Lush green valleys and rugged mountains, sheer cliffs and wild, frothing, slate-grey seas. Bagpipes, baroque cathedrals and the smell of grilled seafood. The architectural grace of Santiago de Compostela and the industrial churn of Vigo. Galicia, the north-west corner of Spain, is a diverse region, but amid the variety there are two constants: first, it’s one of the best places to eat seafood in the world; and, second, its wild landscape, seemingly more Scottish than Spanish, is the most beautiful on the Iberian peninsula.

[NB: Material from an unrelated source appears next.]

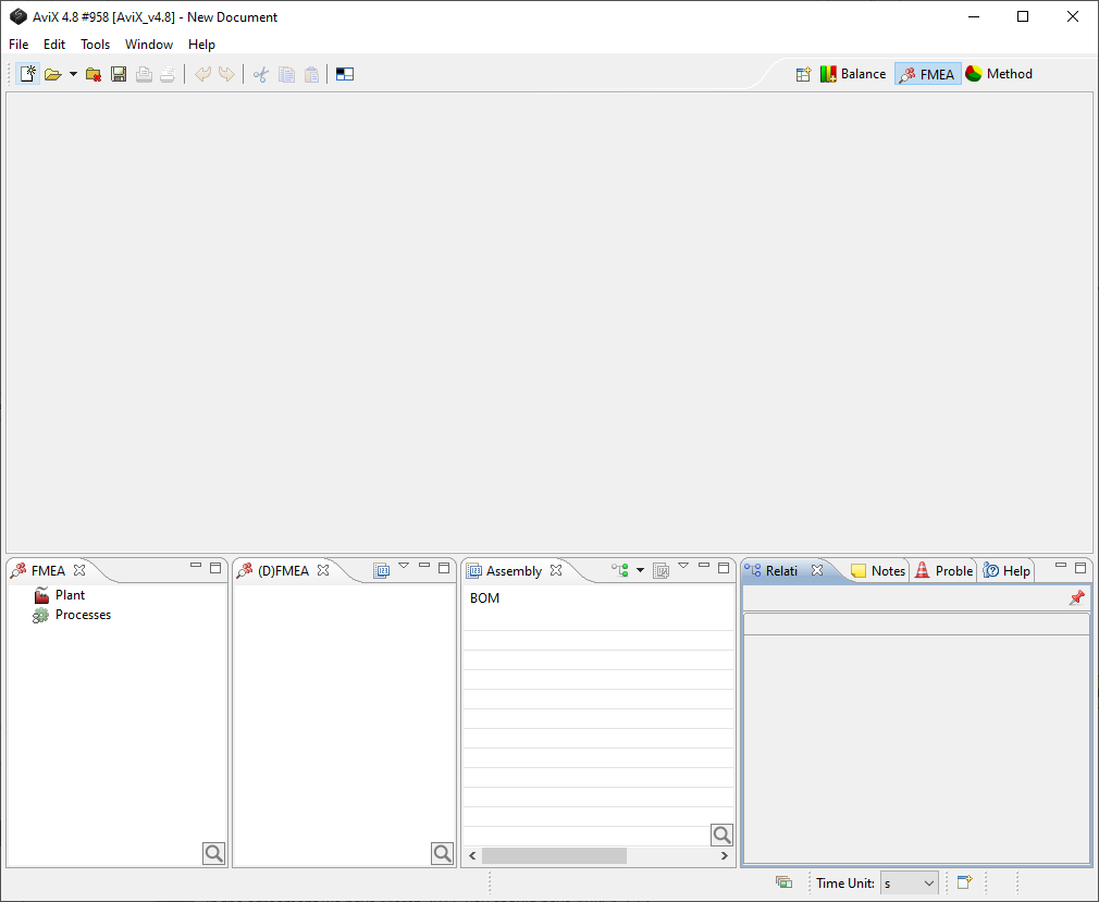 in the top center menu. The default layout of AVIX FMEA looks like below. Analogous to other AVIX modules the window layout can be customized, to return to default layout you press.

Galicia is also large, about three-quarters the size of the Netherlands, and so for this guide we’ll travel along its coast, picking out some of the best beaches, coastal towns and seafood restaurants from Ribadeo and Ortigueira in the north via A Coruña and the Costa da Morte and then south to the area known as the Rías Baixas. Although Galicia is good to visit all year round, the best time to go is from June to September. However, even during the hottest months of the year, be prepared for rain, which can be heavy and, at times, persistent.
RIBADEO TO ORTIGUEIRA
Praia das Catedrais, Ribadeo
In Galician, Praia das Catedrais means “beach of the cathedrals” and, as you walk along this beach and through the arches and craggy domes sculpted into the rocks by wind and sea, it is easy to see why. When the tide is low, and the weather holds, it’s possible to spend hours exploring the sea caves. In summer (1 July to 30 September) and Easter week, numbers are controlled and it’s vital to book a visit to the beach (free) at ascatedrais.xunta.gal.

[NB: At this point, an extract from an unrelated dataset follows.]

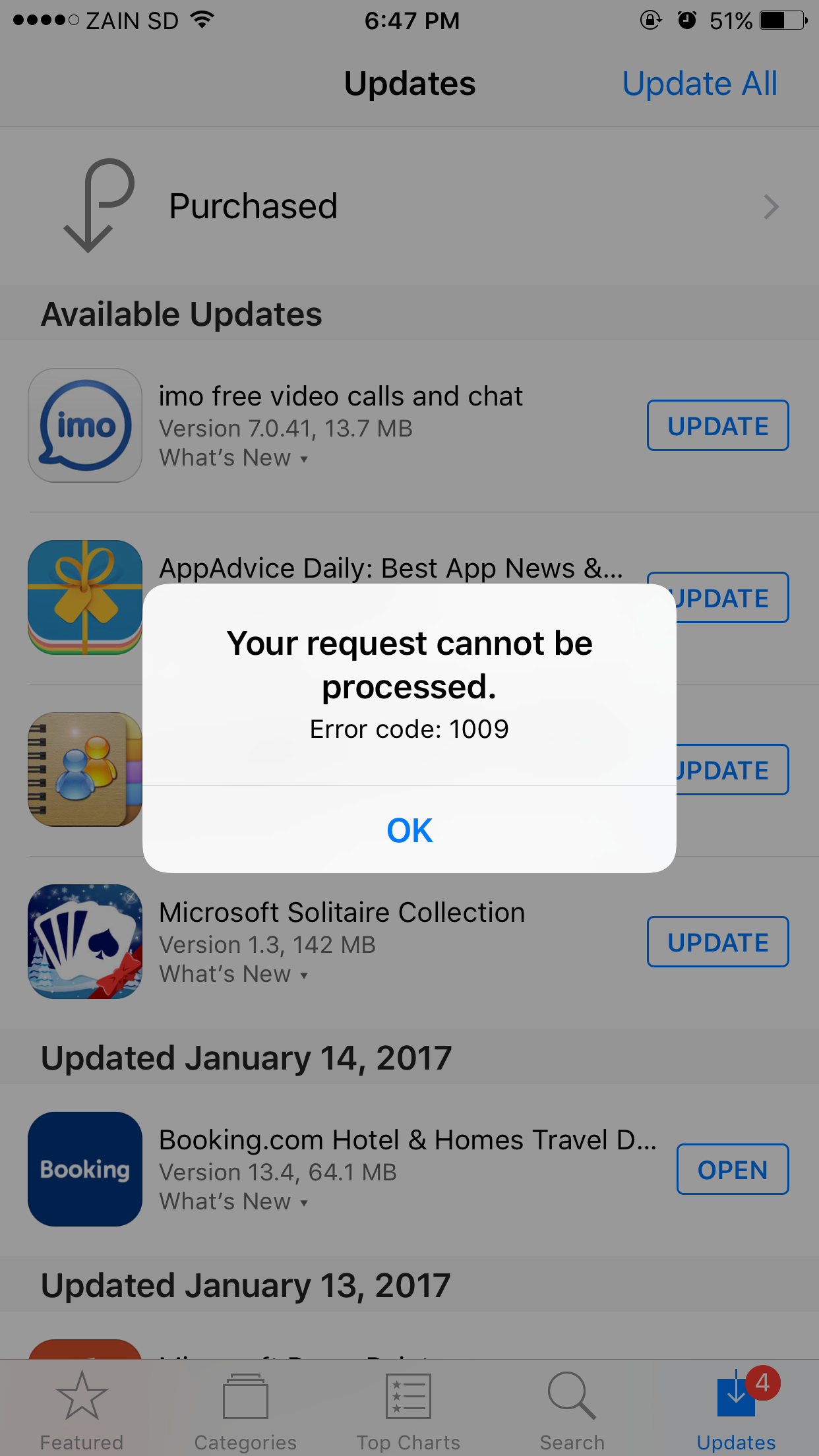But actually this error 1009 appears only in sanctioned countries. For example there is no apple store in most African countries. But they don't get error 1009.

O Barqueiro and Estaca de Bares
O Barqueiro, a small, tranquil fishing village of multicoloured houses, is the perfect place to pass the afternoon staring out at the bay while sipping a nice glass of albariño, Galicia’s most famous grape varietal. From here it’s only a 15-minute drive north to Estaca de Bares, the most northerly point of the Iberian peninsula. Its 19th-century lighthouse is a quiet place from which to appreciate the uninterrupted views of the Bay of Biscay and the relentless ferocity of the Atlantic.

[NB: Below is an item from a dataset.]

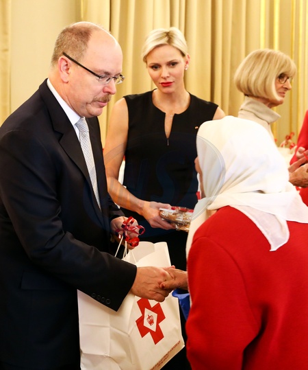 Ksiezna Charlene i ksiaze Albert wreczyli prezenty w siedzibie Czerwonego Krzyza

Set amid rolling hills covered with pines and eucalyptus trees, Viveiro is on the estuary of the river Landro. It is a picturesque place, with walls that have withstood pirate attacks and plagues, and springs that have attracted countless Santiago pilgrims. Wander through its idyllic squares, its grand entrance gates and over its medieval bridges. Covas beach is also only a short walk from the town centre.
Praia de Xilloi, O Vicedo
Replete with dunes, imposing cliffs, and fine white sand, this kilometre-long beach is one of the best in Lugo province. The turquoise waters, although brisk, are not too dissimilar to the Caribbean. The beach has parking, showers and restaurants nearby and is a good place for families.
Where to eat and drink
A Lonxa, Burela
This traditional cafe-bar-restaurant is the haunt of local fishermen. It may have a school-canteen vibe but the food is simple and delicious. The product is the protagonist here, not the chef. Try the steamed clams (€12) to start, followed by the fried bonito (€10). The swordfish is also excellent.